HUD Board To Exercise Restraint In Enforcing New RESPA Rules

Posted by Orb Staff on November 16, 2009 No Comments
Categories : Residential Mortgage

The U.S. Department of Housing and Urban Development's (HUD) Mortgagee Review Board (MRB) will ‘exercise restraint in enforcing new regulatory requirements under the Real Estate Settlement Procedures Act (RESPA)’ for the first four months of 2010, the agency announced Friday.

The MRB instructed its staff to exercise such restraint in considering an action against Federal Housing Administration (FHA)-approved lenders that have demonstrated that they are making a good-faith effort to comply with RESPA's new requirements. The new requirements take full effect beginning Jan. 1, 2010.

HUD is asking other federal and relevant state enforcement agencies to exercise the same 120-day restraint in enforcement for non-FHA originators and other settlement service providers that demonstrate the good-faith effort to implement RESPA's new rules.

In determining whether a mortgagee has made a good-faith effort, MRB staff will consider whether the mortgagee has relied on the new RESPA rule and other written guidance issued by HUD, and the extent to which the mortgagee has made sufficient investment and commitment in technology, training and quality control designed to comply with the new rule.
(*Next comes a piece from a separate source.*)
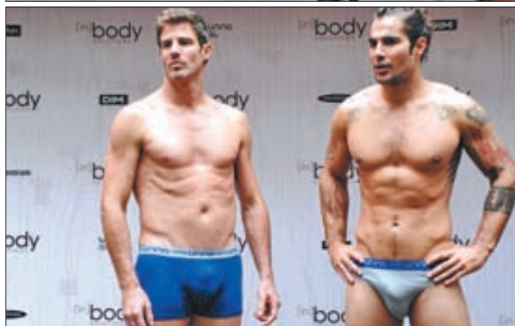
PRENDAS MASCULINAS Y FEMENINAS Las medias de DIM que lucen las modelos en la imagen de arriba son perfectas para este invierno. Los chicos visten prendas de la nueva línea 'low cost' Unno Smart Comfort.

para esculpir la figura con total invisibilidad, es decir, prendas con efecto modelador, adelgazante, reductor y anticelulítico. Los chicos también encontrarán la opción que mejor se adapta a la actividad que quieran realizar con una amplia selección de camisetas, boxers, slips y shortys para un resultado, sobre todo, cómodo.

‘We will work with those who are making an honest effort to work with us as we implement these important new consumer protections,’ says HUD Secretary Shaun Donovan. ‘While we will not delay implementation of RESPA's new requirements, we are sensitive to the concerns of the industry as it integrates these new rules into their day-to-day business practices.’

In October, several trade groups wrote to HUD Secretary Shaun Donovan and FHA Commissioner David Stevens urging HUD to provide a reasonable implementation period before compliance becomes mandatory.

‘Despite the best motivations of HUD…we are headed for a mortgage market train wreck on the tracks of RESPA compliance," wrote the groups, which included the Mortgage Bankers Association and the American Bankers Association.